Metadata-Version: 2.1
Name: wmwm
Version: 0.0.1
Summary: A Python package performing Wilcoxon-Mann-Whitney test in the presence of missing data with controlled Type I error
Home-page: https://github.com/Yijin-Zeng/wmwm-python
Author: Yijin Zeng
Author-email: yijinzeng20@gmail.com
Maintainer: Yijin Zeng
Maintainer-email: yijinzeng20@gmail.com
License: MIT
Keywords: Wilcoxon Mann-Whitney test,missing data,statistical analysis
Classifier: Programming Language :: Python :: 3
Classifier: License :: OSI Approved :: MIT License
Classifier: Operating System :: OS Independent
Requires-Python: >=3.6
Description-Content-Type: text/markdown
License-File: LICENSE
Requires-Dist: numpy
Requires-Dist: scipy


<!-- README.md is generated from README.Rmd. Please edit that file -->

# wmwm

<!-- badges: start -->
<!-- badges: end -->

This package performs the two-sample hypothesis test method proposed in 
(Zeng et al., 2024) for univariate data when data are not fully observed. 
This method is a theoretical extension of Wilcoxon-Mann-Whitney test in 
the presence of missing data, which controls the Type I error regardless 
of values of missing data.

Bounds of the Wilcoxon-Mann-Whitne test statistic and its p-value will be 
computed in the presence of missing data.

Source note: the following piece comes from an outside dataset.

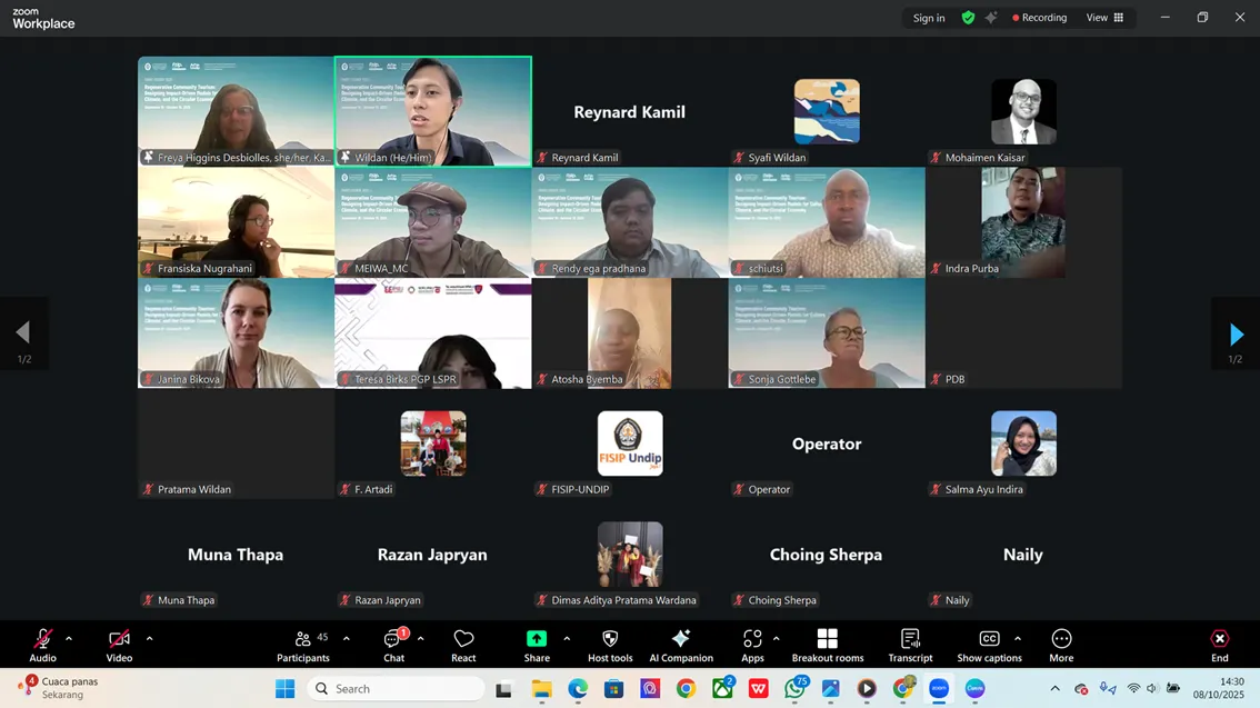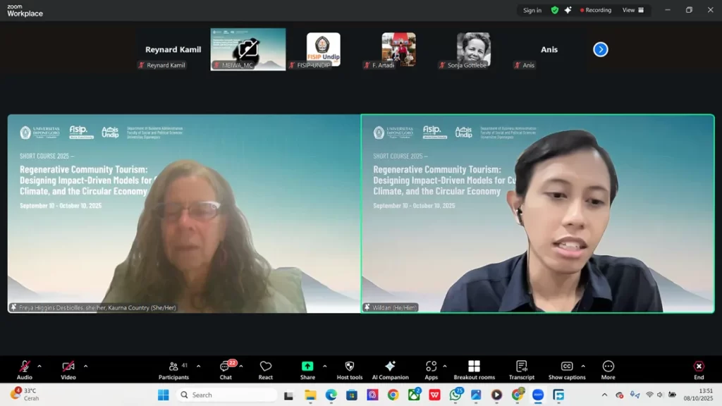 At the last session of the Short Course 2025, Dr. Freya Higgins-Desbiolles from the University of South Australia delivered a compelling presentation titled “Regenerative Tourism and Indigenous Knowledges: Appreciation, Appropriation and Allyship.” The session was moderated by Wildan Namora Ichsan Setiawan, S.I.Kom., M.Sc. , a lecturer in Communication Science at Universitas Diponegoro.

The p-value of the test method 
proposed in (Zeng et al., 2024) is then returned as the maximum possible 
p-value of the Wilcoxon-Mann-Whitney test.

## Installation

``` sh
pip install wmwm
```

## Example

This is a basic example which shows you how to perform the test with
missing data:

``` python
import numpy as np
from wmwm import wmwm_test

#### Assume all samples are distinct.
X = np.array([6.2, 3.5, np.nan, 7.6, 9.2])
Y = np.array([0.2, 1.3, -0.5, -1.7])
## By default, when the sample sizes of both X and Y are smaller than 50,
## exact distribution will be used.
wmwm_test(X, Y, ties = False, alternative = 'two.sided')


## using normality approximation with continuity correction:
wmwm_test(X, Y, ties = False, alternative = 'two.sided', exact = False, correct = True)


#### Assume samples can be tied.
X = np.array([6, 9, np.nan, 7, 9])
Y = np.array([0, 1, 0, -1])
## When the samples can be tied, normality approximation will be used.
## By default, lower_boundary = -Inf, upper_boundary = Inf.
wmwm_test(X, Y, ties = True, alternative = 'two.sided')


## specifying lower_boundary and upper_boundary:
wmwm_test(X, Y, ties = True, alternative = 'two.sided', lower_boundary = -1, upper_boundary = 9)


```

## References

Zeng Y, Adams NM, Bodenham DA. On two-sample testing for data with
arbitrarily missing values. arXiv preprint arXiv:2403.15327. 2024 Mar
22.

Mann, Henry B., and Donald R. Whitney. “On a test of whether one of two
random variables is stochastically larger than the other.” The annals of
mathematical statistics (1947): 50-60.